Congress did not pass the bipartisan Secure Elections Act. This means in the two years since Russian interference disrupted our election systems, we have failed to improve security around the technologies that support our election processes. Legislating a fix to the problem is proving futile. It’s time to ask ourselves – as citizens, elected leaders, technologists and those interested in protecting our democracy – what else we can do to improve election security. A recent report delivered to Capitol Hill found that “election machines used in more than half of U.S. states carry a flaw disclosed more than a decade ago that makes them vulnerable to a cyberattack,” according The Wall Street Journal. Shouldn’t we view our elections through the lens not just of security, but safety? Think about it this way: we have the NTSB for travel, the FDA for food, OSHA for workplace safety. We would scarcely accept 50 percent of cars on the road to be faulty or 50 percent of food on grocery store shelves to be tainted.

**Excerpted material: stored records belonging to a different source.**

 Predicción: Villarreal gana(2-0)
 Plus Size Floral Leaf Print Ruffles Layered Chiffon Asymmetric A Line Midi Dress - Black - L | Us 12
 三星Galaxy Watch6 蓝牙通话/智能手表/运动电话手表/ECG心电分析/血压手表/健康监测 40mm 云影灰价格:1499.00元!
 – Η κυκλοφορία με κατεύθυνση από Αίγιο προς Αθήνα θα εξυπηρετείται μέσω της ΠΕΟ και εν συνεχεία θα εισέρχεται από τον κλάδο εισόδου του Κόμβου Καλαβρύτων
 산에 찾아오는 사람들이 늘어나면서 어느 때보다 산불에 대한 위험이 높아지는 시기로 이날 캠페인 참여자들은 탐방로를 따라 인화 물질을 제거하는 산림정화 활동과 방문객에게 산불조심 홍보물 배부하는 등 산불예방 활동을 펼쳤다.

That’s why states should open up voting systems and machines to the white hat hacker community. Much of the technology we enjoy using today, our smartphones and apps and internet-connected vehicles, is safer and more secure because it’s been probed by hackers to expose and report vulnerabilities that are then corrected. The software that powers the digital world, including election systems, can be made more secure via bug bounties that enable the hacking community to get to work.
Hackers can be exceptionally creative, constantly thinking outside the box. Security experts close to a product will have made assumptions that attackers will ignore. Bringing in outside hackers with their own attack tools will uncover new risks. This is one of the clear values of bug bounty programs. Keep in mind, this is not a replacement for sound security engineering as part of the development process, it should be in addition.